The city wishes to refurbish its image as a dynamic, forward-looking, productive place. To that end, the Fukushima Industries Corporation (a leading manufacturer of commercial freezer refrigerators and showcase freezers) has devised a new mascot.
The city wishes to refurbish its image as a dynamic, forward-looking, productive place. To that end, the Fukushima Industries Corporation (a leading manufacturer of commercial freezer refrigerators and showcase freezers) has devised a new mascot.
Tragically spoiling the joke, that's Fukushima Industries the commercial refrigerator company, not the capital city of the prefecture of the same name.
Is that brand necrophilia? I forget the rules.
An egg? seriously? As fragile as Fukushima.
I'm pretty horrified that Languagelog (a blog I used to have a lot of respect for) hasn't published a correction to their misleading post; the egg is a mascot for a company that's headquartered hundreds of miles from the nuclear disaster in Osaka, but the blog post heavily implies that the company is local or at least associated with the province.

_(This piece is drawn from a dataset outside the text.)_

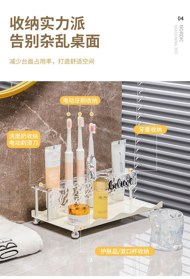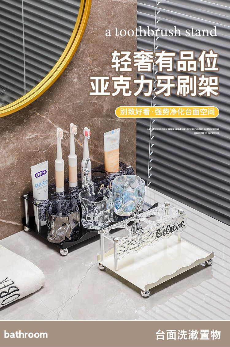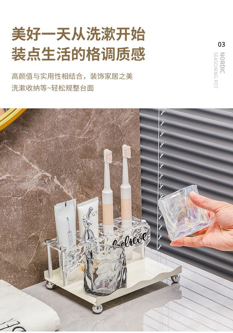 가벼운 고급 칫솔 및 치약 보관함 욕실 조리대 전동 칫솔 홀더 유리 구강 세척제 컵 보관함스토어 가기

Yes, they should be punished for their attempt at anti-corporate humor. Release the hounds!
Fair enough; though the pronunciation of the ふ in Fukushima/Fukuppy is a non-labial fricative (there's no real English equivalent, but it would be pronounced more like hukuppy and hukushima [and fwiw, if you use a Japanese IME, hu and fu produce the same phoneme ふ (in hiragana) /フ (in katakana)). So it does not really sound like fuckuppy as a native English speaker would be tempted to utter it. I won't go into long examples of Engrish (most people are familiar with things like Pocari Sweat, Calpis and such), but I will say that Citibank's Japanese name I find far more humorous though perhaps also appropriate (it's シティバンク which sounds like 'shitty bank' when uttered)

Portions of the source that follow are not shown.